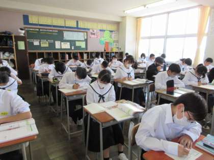 大変暑い日になりましたが、授業に集中しています。 授業の最後のまとめを真剣に書いていました。
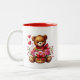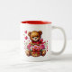 This ceramic coffee mug is shown with a cute Valentine teddy bear hearts print.
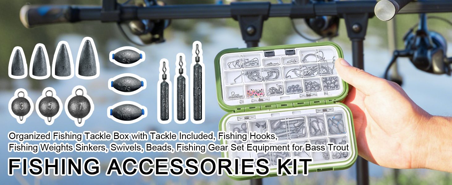 FREE FISHER 306pcs Fishing Weights Set Mixed Lead Sinkers Crank Jig Hooks Bait Lure Acceccories Swivels Snaps Beads with Multigrid Box for Sea Fishing

Task instructions: Transcribe the data exactly, minus any images.

Solution for this exercise:
 大変暑い日になりましたが、授業に集中しています。 授業の最後のまとめを真剣に書いていました。
 This ceramic coffee mug is shown with a cute Valentine teddy bear hearts print.
 FREE FISHER 306pcs Fishing Weights Set Mixed Lead Sinkers Crank Jig Hooks Bait Lure Acceccories Swivels Snaps Beads with Multigrid Box for Sea Fishing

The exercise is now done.